FAQ: Email marketing, le domande più frequenti

Cos’è l’email marketing in parole semplici?

L’email marketing è l’uso strategico della posta elettronica per comunicare con un’audience di persone che ha dato il proprio consenso a ricevere comunicazioni da un’azienda o da un brand. Si distingue dallo spam perché si basa sul consenso esplicito del destinatario, che ha scelto di iscriversi a una lista. Il suo obiettivo varia a seconda della tipologia: le email transazionali gestiscono la relazione operativa con il cliente; le email promozionali incentivano l’acquisto; le email relazionali costruiscono fiducia e fidelizzazione nel tempo. Il ROI medio è di 42 euro per ogni euro investito, il più alto tra tutti i canali di marketing digitale (DMA, Litmus 2024).

Qual è il ROI dell’email marketing nel 2026?

Il ROI medio dell’email marketing è di 42 euro per ogni euro investito, equivalente a un ROI del 4.200% (DMA, Litmus Email Marketing ROI Study 2024). Il 14% dei marketer afferma che le campagne email forniscono il ritorno sull’investimento più alto di qualsiasi strategia di marketing (Shopify, 2025). Il 52% dei professionisti dell’email marketing ha dichiarato che il ROI delle proprie campagne è raddoppiato tra il 2022 e il 2023 (Shopify, 2025). Per il mercato italiano, il tasso di apertura medio del 44,38% (GetResponse Italia 2024), tra i più alti al mondo, suggerisce che il ROI realizzabile in Italia è strutturalmente superiore alla media globale.

Quante email vengono inviate ogni giorno nel 2026?

Nel 2025 vengono inviate circa 376 miliardi di email al giorno a livello globale (Statista, 2025). La previsione per il 2026 è di circa 392,5 miliardi, con ulteriore crescita a 408 miliardi entro il 2027. Di questo volume totale, circa il 45,8% è spam o traffico malevolo (Affinco, 2026). Il numero di utenti email globali ha raggiunto i 4,48 miliardi nel 2024 e si prevede crescerà a 4,73 miliardi nel 2026, ovvero circa il 58% della popolazione mondiale.

L’email marketing è ancora efficace nel 2026?

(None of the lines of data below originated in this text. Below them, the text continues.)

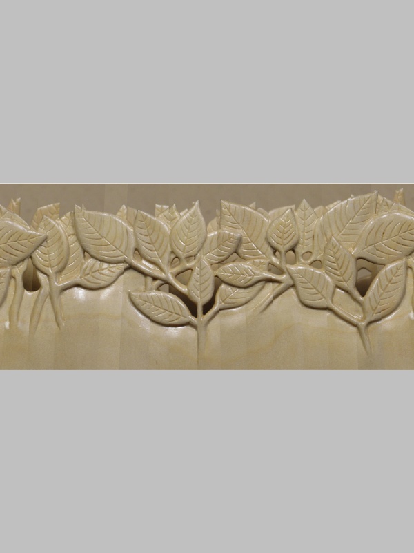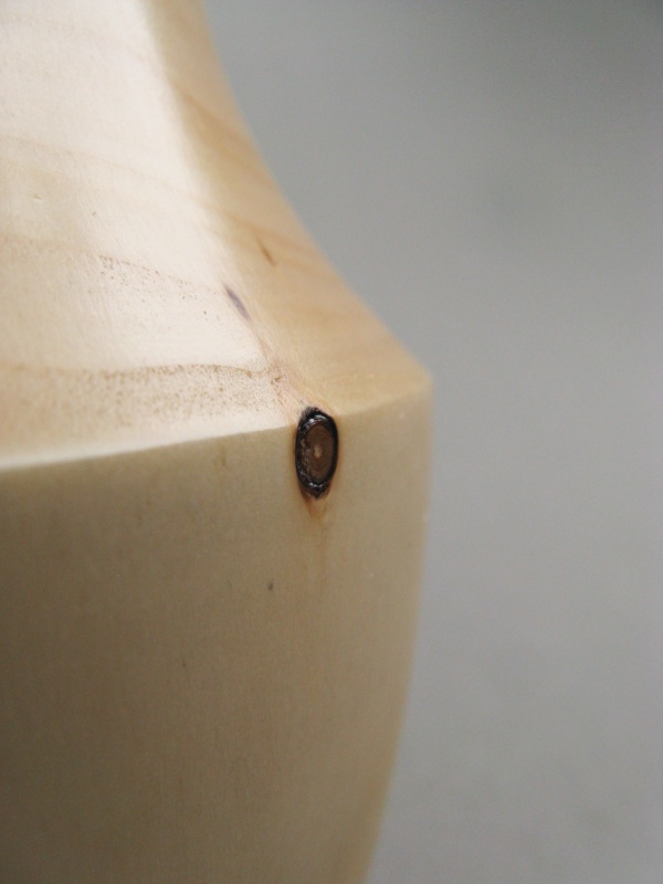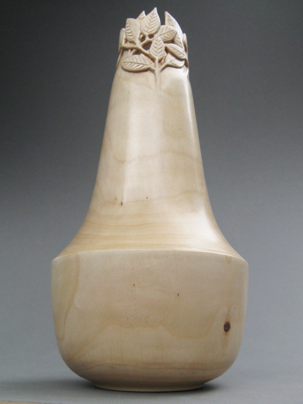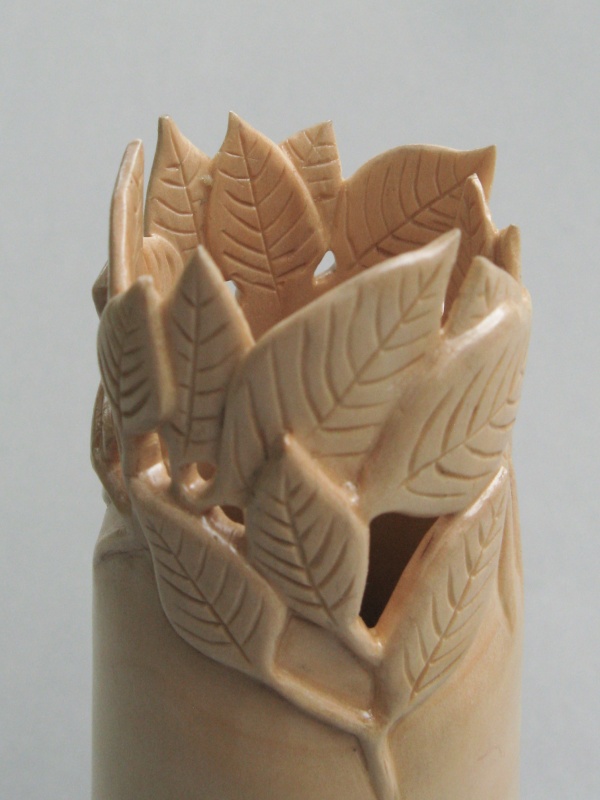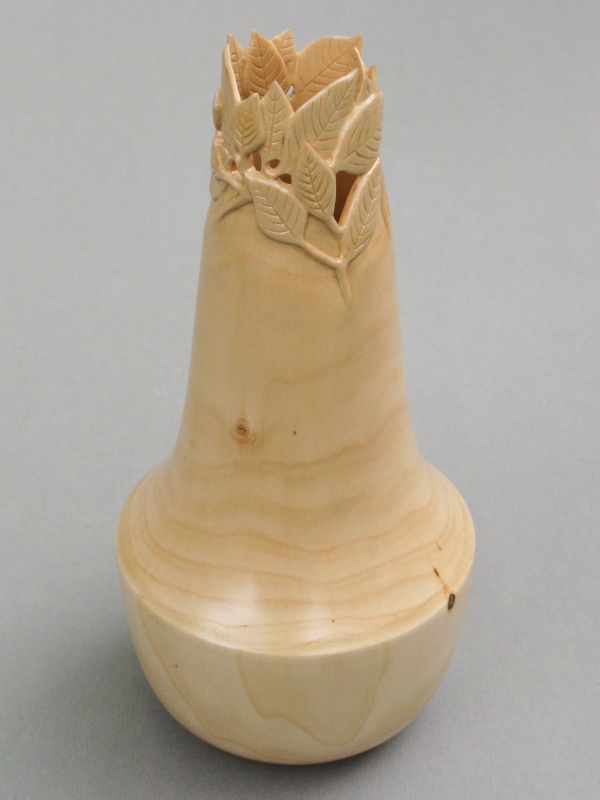 This piece was then dried out by heating it in the microwave oven. It started at 1030 grams and after about three hours of on-and-off heating, ended up at 690 gm. The weight (OK, technically mass) difference meant that it had lost about a pop-can's worth of water. It seemed pretty dry at that point and fortunately had no major cracks. I then finished turning it to the final size and to give it a bit nicer look, carved some leaves into the top whose shapes were made to match the actual tree leaves. The usual excessive amount of detail on the process is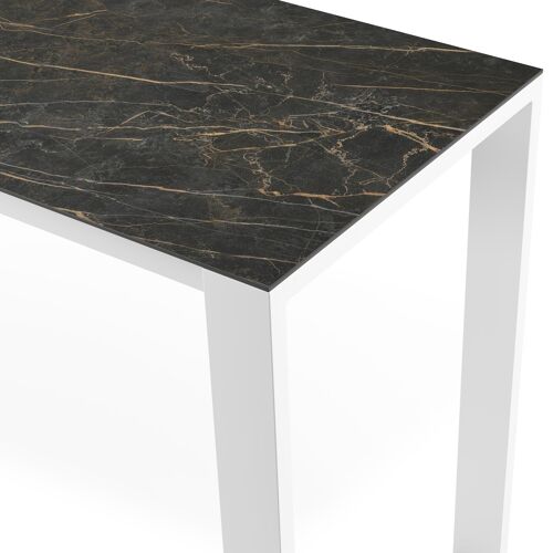 Table de bar Verato en aluminium blanc et céramique pleine Black Obsession - Lg. 220 x Lrg. 70 x Haut. 105 cm | Exterioo
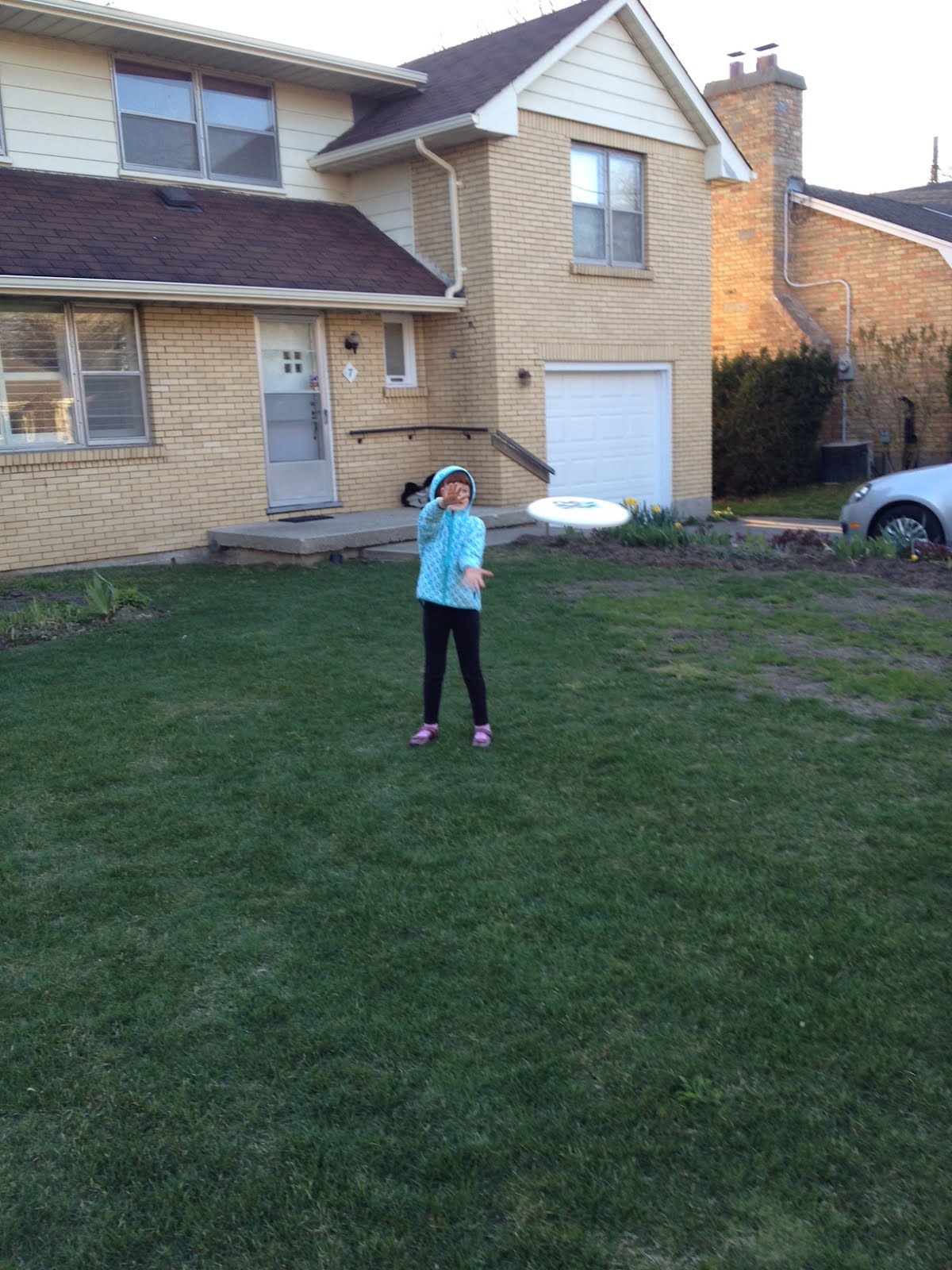 Here charlotte learning something from an adult who is not a parent or one of he teachers. (in this case a cousin and her husband). I think that, maybe, because in this experience charlotte was learning how to throw a frisbee from someone other than a parent, she was both freed up and restricted in the best possible way. Freed up to try something new and difficult without having to ask for permission or attempt it under the watchful eye of a parent and freed up from Some familiar habits – such as having a little cry after getting bonked in the face with something. And restricted because, without mom or dad around, those familiar habits or default reactions just weren't available to her when she got hit. She could have had a few tears and Nicole and james would have been quick to console her. Bu, Nicole and James are both cousins, just like she is a cousin. And so in some way, they are peers and you don't always want to cry in front of your peers. Even when you do get smacked in the chin with some cold hard plastic.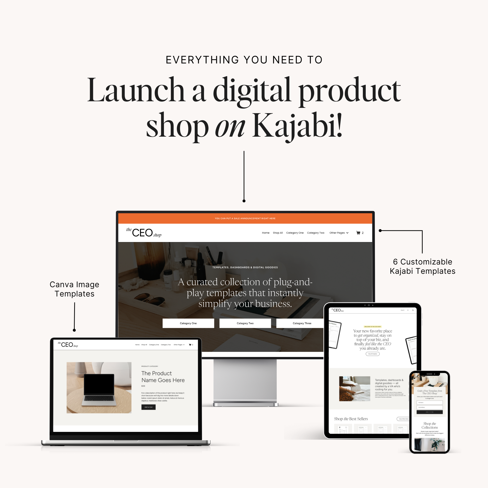 Whether you sell digital products, courses, memberships, templates, or a mix of everything… this kit turns your Kajabi site into a polished, conversion-ready shop without hiring a designer or rebuilding from scratch.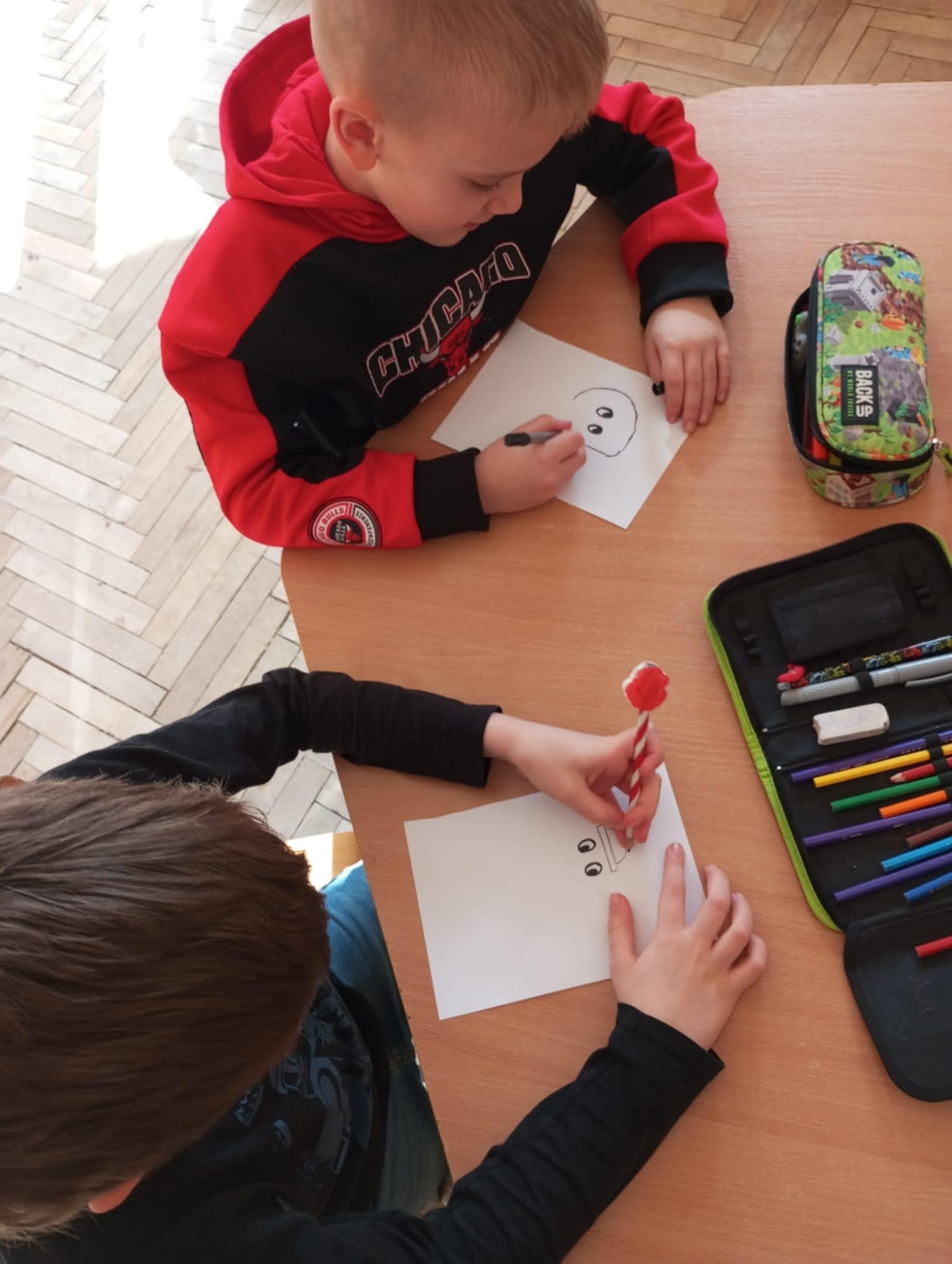 I tym razem miała miejsce zabawa, w której jedna osoba rysuje oczy, a druga dorysowuje resztę. To kreatywna gra rysunkowa, która często funkcjonuje pod nazwą "Dorysuj resztę” – najprostsza nazwa opisująca zasady.

Sì, e i dati non lasciano spazio all’ambiguità. Il mercato globale dell’email marketing vale 17,9 miliardi di dollari nel 2026, in crescita del 16,58% annuo (Affinco / Straits Research). L’81% delle PMI continua a usarla come canale principale di acquisizione (Affinco, 2026). Il 50% dei consumatori ha acquistato qualcosa da un’email nell’ultimo anno (Thunderbit, 2025). Il tasso di apertura medio globale è cresciuto del 6% nel 2024 rispetto all’anno precedente. Chi afferma che l’email marketing è morta confonde la newsletter mal prodotta con il canale. Il canale è più vivo che mai; la qualità dell’esecuzione è quella che determina la differenza tra email marketing che performa e email marketing che si disperde nella cartella spam.

Qual è il tasso di apertura medio delle email?

Il tasso di apertura medio varia significativamente per settore, piattaforma e qualità della lista. La media globale nel 2024 è del 26,6% (Thunderbit, 2025), in crescita del 6% rispetto all’anno precedente. Alcune fonti riportano una media del 35,63% aggregando piattaforme diverse (Hostinger, 2026). Per il mercato italiano, il dato è eccezionalmente favorevole: il tasso di apertura medio è del 44,38%, tra i più alti al mondo (GetResponse Italia, 2024). L’impatto di Apple Mail Privacy Protection (MPP) dal 2021 ha reso meno affidabili i dati di apertura come metrica assoluta, poiché iOS precarica le email gonfiando artificialmente le aperture registrate. La metrica più affidabile nel 2026 è il click-through rate: misura il reale engagement con il contenuto, non influenzato dal comportamento dei client email.